(Reuters) – Kosovo marked the 15th anniversary of its declaration of independence from Serbia in February this year.
Here are key facts about the small western Balkan republic:
POPULATION: Around 1.8 million, according to the most recent census in 2011, which local Serbs boycotted. Ethnic Albanians comprise more than 90% of the population, Serbs about 5.3%, with ethnic groups such as Bosniaks, Turks and Roma making up the remainder. A fresh census is scheduled this year.
AREA: Kosovo spans 10,908 square km (4,212 square miles). It borders Serbia to the north and east, North Macedonia to the southeast, Albania the southwest and Montenegro the west.
CAPITAL: Pristina.
LANGUAGE: Albanian and Serbian are official languages.
RELIGION: Around 90% – largely ethnic Albanians – are Muslims. The other significant denominations are Orthodox Christians – mainly Serbs – and Roman Catholics.
STATE & GOVERNMENT: A parliamentary democracy with a 120-seat legislature, including 10 seats reserved for Serbs and 10 for other minorities. Government is headed by the prime minister, with the president in a ceremonial role.
ECONOMY: Landlocked and poor, Kosovo hopes its mineral wealth will eventually unlock the foreign investment it needs to tackle unemployment of around 30%. But many investors are deterred by volatile ethnic tensions. Corruption, smuggling and organised crime are other serious problems stunting development and undermining Kosovo’s aspiration to EU membership.
HISTORY & PEOPLE: Kosovo became part of the Kingdom of Serbia in the early 13th century, with a mixed population of ethnic Albanians, Serbs and Vlachs. The Nemanjic dynasty made Kosovo the spiritual heartland of Serbia, giving lands to the Orthodox Church and building monasteries that still stand today.
Many Serbs left over the five centuries after the Ottoman Empire defeated Serbs under Prince Lazar in the 1389 Battle of Kosovo, while ethnic Albanians grew in number. Mutual expulsions and migrations to and from neighbouring Albania in the early 20th century changed Kosovo’s ethnic makeup.
VIOLENCE & WAR: Ethnic tensions escalated in the 1980s as federal, multinational Yugoslavia began to crumble and economic conditions deteriorated. Populist firebrand Slobodan Milosevic stoked Serb nationalism as a springboard to Serbia’s presidency in 1989 and rescinded Kosovo’s provincial autonomy. He accused Kosovo Albanians of persecuting local Serbs and restricted their rights in education and local government.

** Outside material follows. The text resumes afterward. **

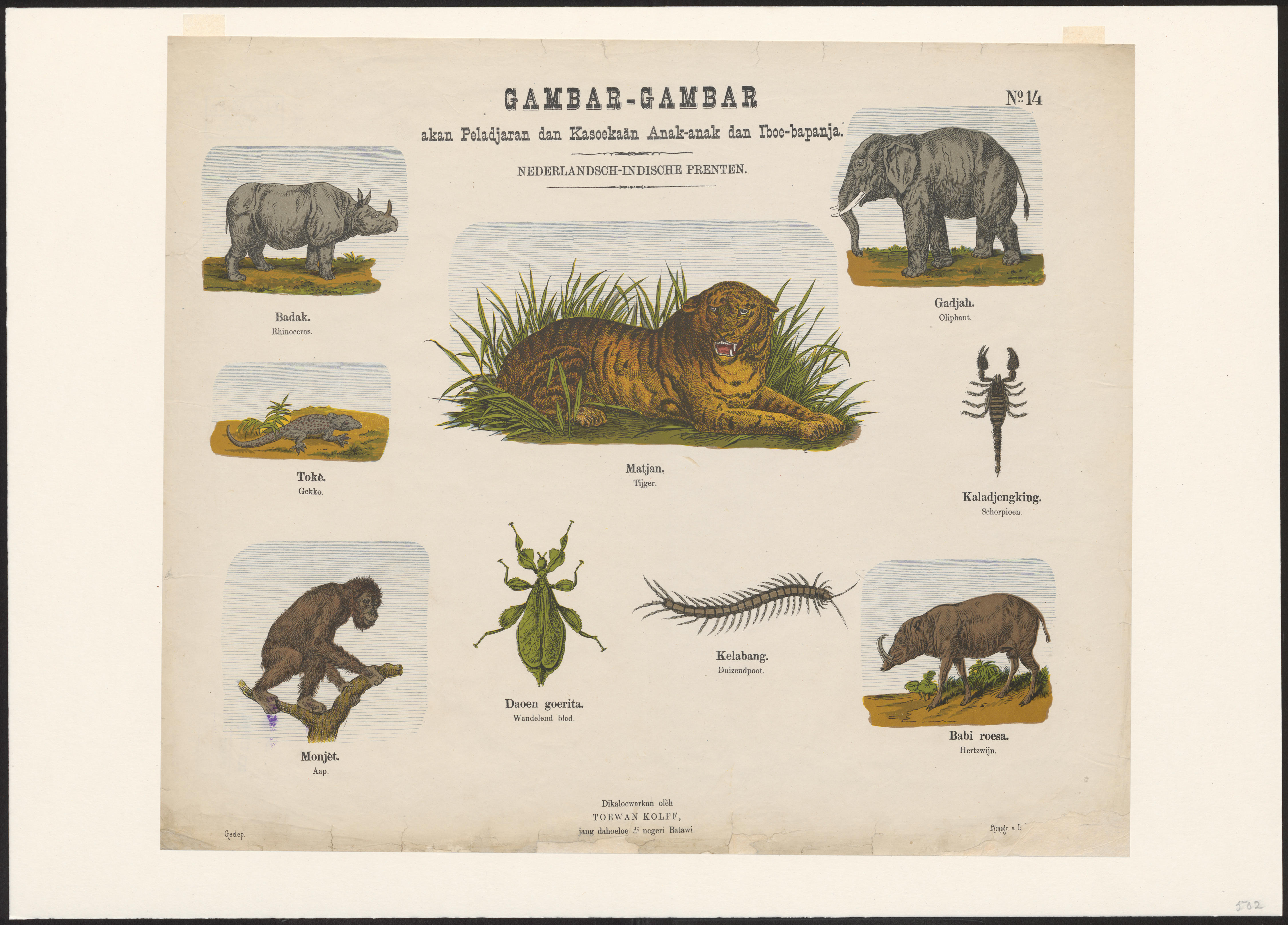 Prent met negen afbeeldingen van dieren in Nederlands-Indië, gedrukt in lithografie. De onderschriften zijn in het Maleis en het Nederlands. De Leidse uitgever Gualtherus Kolff (1826-1881) gaf in 1879 een serie van 24 prenten uit met de serietitel Gambar-Gambar. Bij de reeks werd tevens een titelblad gedrukt. De afbeeldingen zijn gemaakt door de Leidse tekenaar ...

After years of passive Kosovar resistance to Belgrade, an armed uprising flared in the late 1990s led by Kosovo Liberation Army guerrillas, prompting a brutal crackdown by the Serbian-led Yugoslav federal army and Serbian security police.
Western powers warned Milosevic they would not tolerate another wave of Balkan “ethnic cleansing” after wars in Bosnia and Croatia. Peace talks in France failed and in March 1999 NATO began bombing Serbia to force it to withdraw from Kosovo.
Some 800,000 Albanians fled or were expelled to Macedonia and Albania before Milosevic gave in, 78 days later. As his forces pulled out and NATO took over, U.N. agencies said up to 200,000 Serbs and other ethnic minorities left as well.
FROM LIMBO TO INDEPENDENCE: After almost a decade under transitional U.N. administration, backed by tens of thousands of NATO peacekeeping troops, Kosovo declared independence in February 2008. Its statehood has been recognised by over 100 U.N. member states, including the United States and 22 EU countries, but not Serbia, its big power ally Russia, or China.
Serbia has vowed never to recognise Kosovo’s independence. It backs nationalist minority Serbs in north Kosovo boycotting the state, creating a de facto partition. Half of local Serbs, or around 50,000, live in other parts of Kosovo and have become integrated into its political and economic life.
In July 2010, the International Court of Justice ruled in an advisory opinion that Kosovo’s declaration of independence had not violated general international law.
Belgrade and Kosovo have since engaged in years of sporadic, inconclusive talks on normalisation brokered by the European Union, but with no breakthrough to date. The stand-off in north Kosovo has been marked by repeated violent confrontations over the years, with Serbs erecting barricades and clashing with Pristina police trying in vain to impose state authority.